▶ YOUR TASK:
Give back the data exactly, with no images.

▶ PROVIDED MATERIAL:
==========
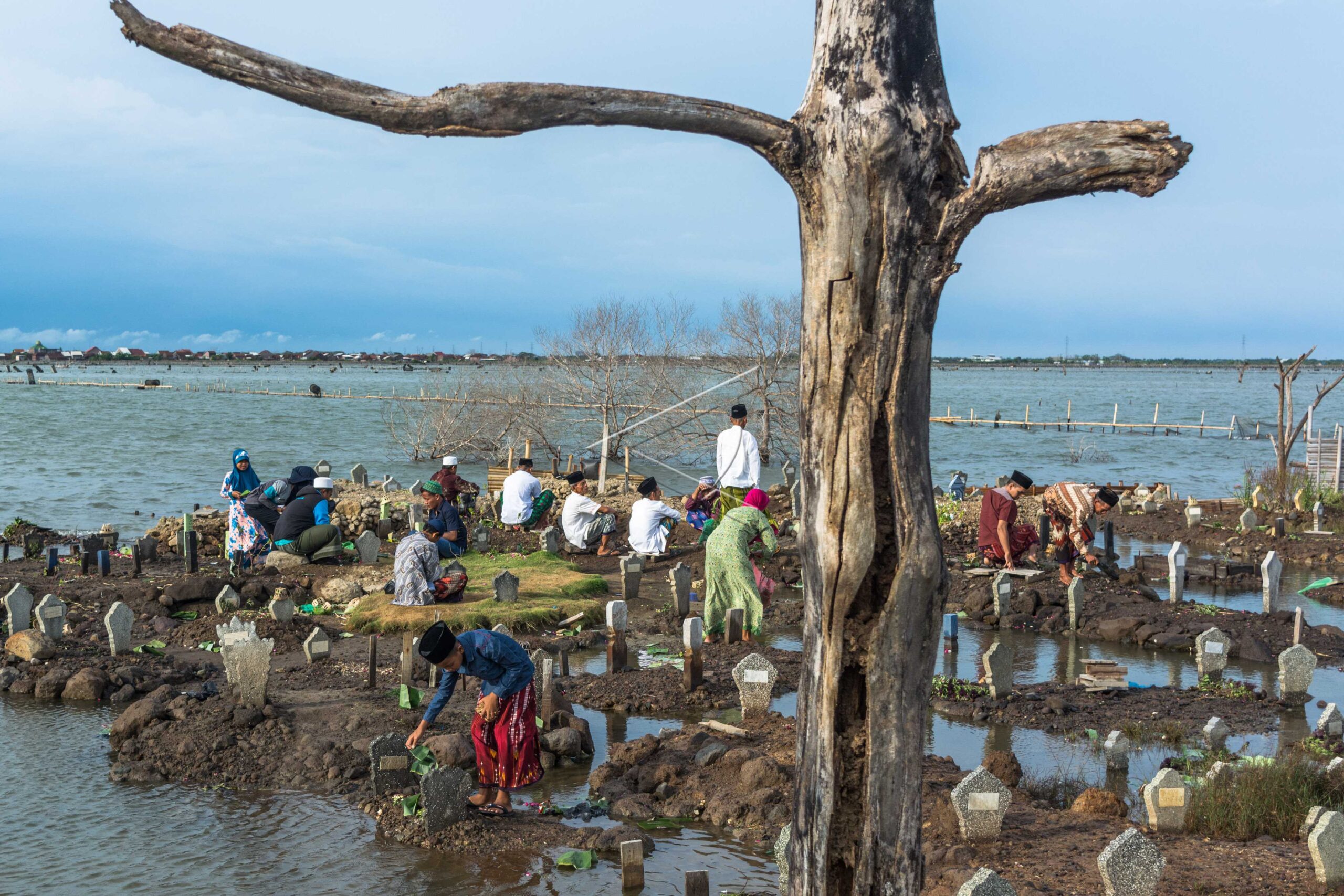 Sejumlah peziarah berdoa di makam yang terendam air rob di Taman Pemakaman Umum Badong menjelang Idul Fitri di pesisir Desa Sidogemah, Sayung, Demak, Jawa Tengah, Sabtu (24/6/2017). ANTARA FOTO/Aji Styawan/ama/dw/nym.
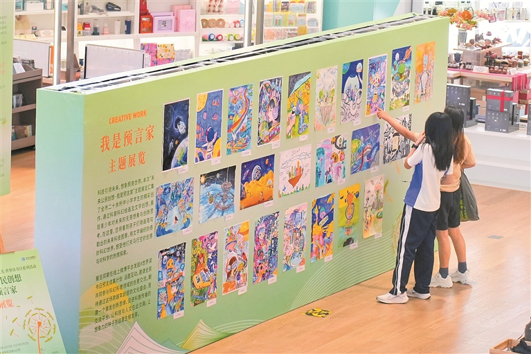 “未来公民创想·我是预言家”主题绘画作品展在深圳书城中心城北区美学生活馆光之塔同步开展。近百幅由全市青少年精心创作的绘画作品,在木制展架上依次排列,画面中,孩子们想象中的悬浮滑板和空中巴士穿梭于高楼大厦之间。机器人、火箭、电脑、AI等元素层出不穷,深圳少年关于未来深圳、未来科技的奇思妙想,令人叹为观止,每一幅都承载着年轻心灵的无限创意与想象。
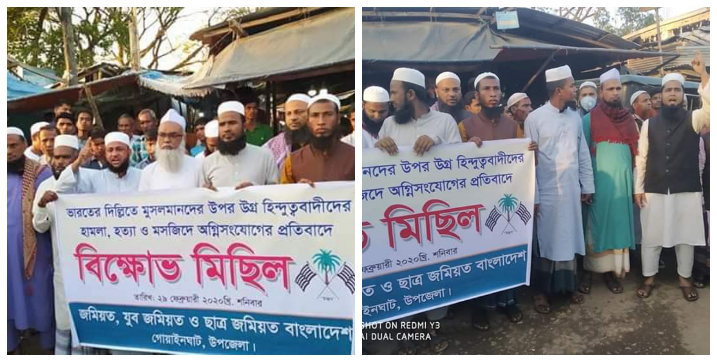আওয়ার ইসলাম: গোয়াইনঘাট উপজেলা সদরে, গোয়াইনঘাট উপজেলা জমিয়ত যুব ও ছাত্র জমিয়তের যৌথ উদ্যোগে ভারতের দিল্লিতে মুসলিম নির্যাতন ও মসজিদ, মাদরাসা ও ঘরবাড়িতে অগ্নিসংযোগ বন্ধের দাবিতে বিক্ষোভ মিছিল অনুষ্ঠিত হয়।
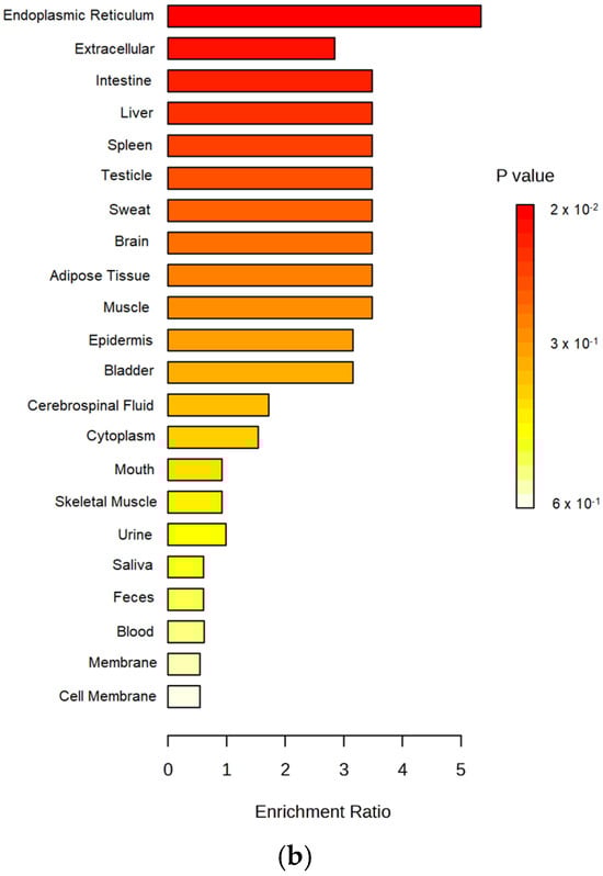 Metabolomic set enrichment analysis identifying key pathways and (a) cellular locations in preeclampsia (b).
==========
▶ THE ANSWER:
 Sejumlah peziarah berdoa di makam yang terendam air rob di Taman Pemakaman Umum Badong menjelang Idul Fitri di pesisir Desa Sidogemah, Sayung, Demak, Jawa Tengah, Sabtu (24/6/2017). ANTARA FOTO/Aji Styawan/ama/dw/nym.
 “未来公民创想·我是预言家”主题绘画作品展在深圳书城中心城北区美学生活馆光之塔同步开展。近百幅由全市青少年精心创作的绘画作品,在木制展架上依次排列,画面中,孩子们想象中的悬浮滑板和空中巴士穿梭于高楼大厦之间。机器人、火箭、电脑、AI等元素层出不穷,深圳少年关于未来深圳、未来科技的奇思妙想,令人叹为观止,每一幅都承载着年轻心灵的无限创意与想象。
আওয়ার ইসলাম: গোয়াইনঘাট উপজেলা সদরে, গোয়াইনঘাট উপজেলা জমিয়ত যুব ও ছাত্র জমিয়তের যৌথ উদ্যোগে ভারতের দিল্লিতে মুসলিম নির্যাতন ও মসজিদ, মাদরাসা ও ঘরবাড়িতে অগ্নিসংযোগ বন্ধের দাবিতে বিক্ষোভ মিছিল অনুষ্ঠিত হয়।
 Metabolomic set enrichment analysis identifying key pathways and (a) cellular locations in preeclampsia (b).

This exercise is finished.